1) Assets remain frozen until relations normalise, however long that takes – this is the preferred solution, as frozen assets can be leverage for future discussions

Case Study: In 1946, the UK seized 1.5tons of Albanian gold which had been looted by the Nazis and was on its way back to Albania; as part of the Corfu Incident (which is pretty interesting in itself).
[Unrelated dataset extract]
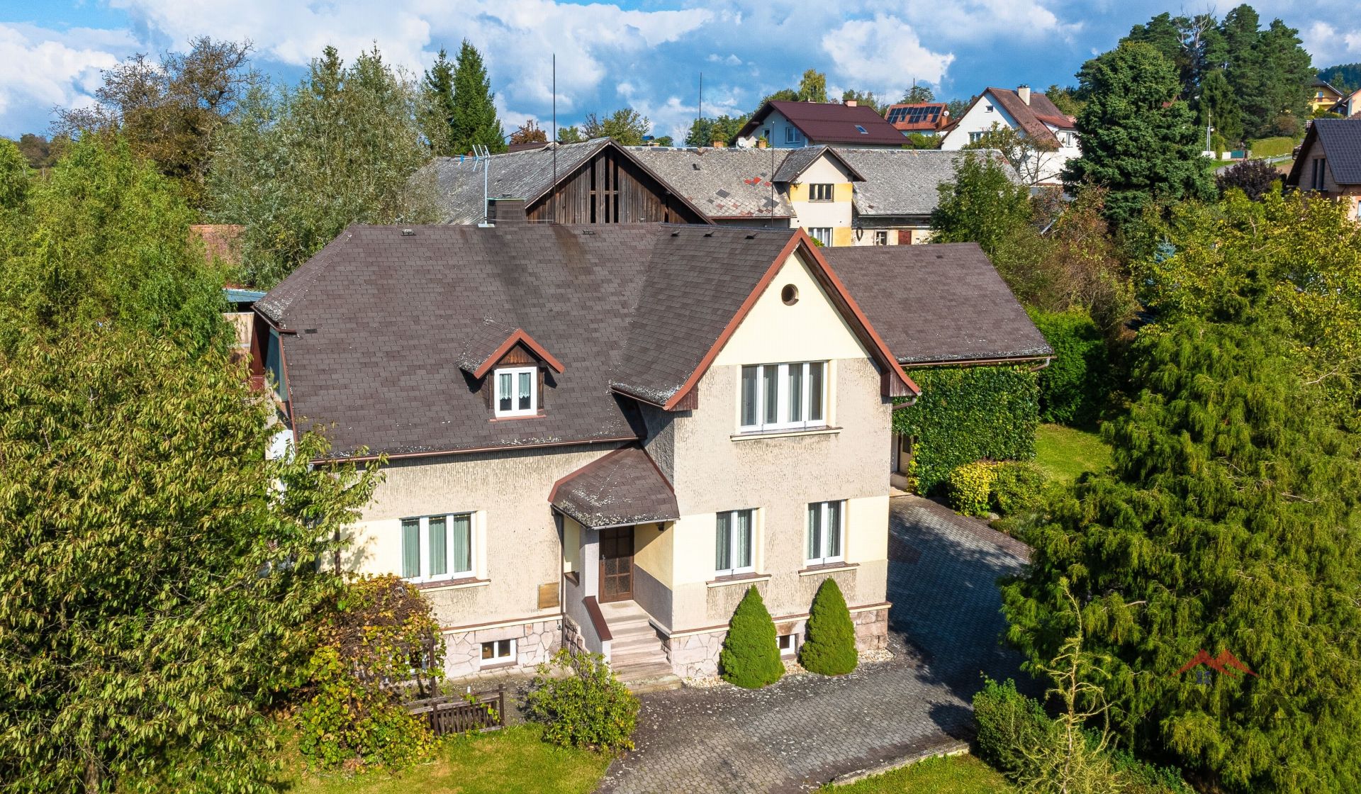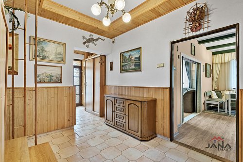 Dům je cihlový, patrový, se dvěma nadzemními a jedním podzemním podlažím. Užitná plocha je přibližně 185 m² a dispozice 5+1 nabízí dostatek prostoru pro pohodlné rodinné bydlení.

It took until 1996, after the Communist government in Albania had been dissolved before both parties reached a settlement and the assets were unfrozen.

2) Assets are confiscated and used.

Case Study: In 2001, $97m worth of frozen Cuban bank accounts were used to compensate pilots of a Cuban-American NGO shot down over Cuba

3) Assets are confiscated and then sold, before being used.

Case Study: North Korean ship Wise Honest was seized in Indonesia in violation of sanctions in 2018, and later transferred to the US. The ship was then scrapped and proceeds were used to compensate families of Americans who had been killed by the North Korean regime.

4) Assets are destroyed – usually arms/narcotics seized

Case Study: In 2017, Egyptian authorities seized 30,000 rocket propelled grenades headed to North Korea and destroyed them

From u/sharfpang:

5) Assets remain frozen indefinitely, until nature takes its action.

Case study: 2,750 tonnes of Ammonium Nitrate confiscated from Moldovan-flagged cargo ship MV Rhosus in 2013 in Beirut, lay in a warehouse with no-one really knowing what to do with it, until in 2020 workers welding the warehouse door accidentally set the cargo on fire, leading to an explosion that leveled a large part of the port, killed 218 people and injured over 7000.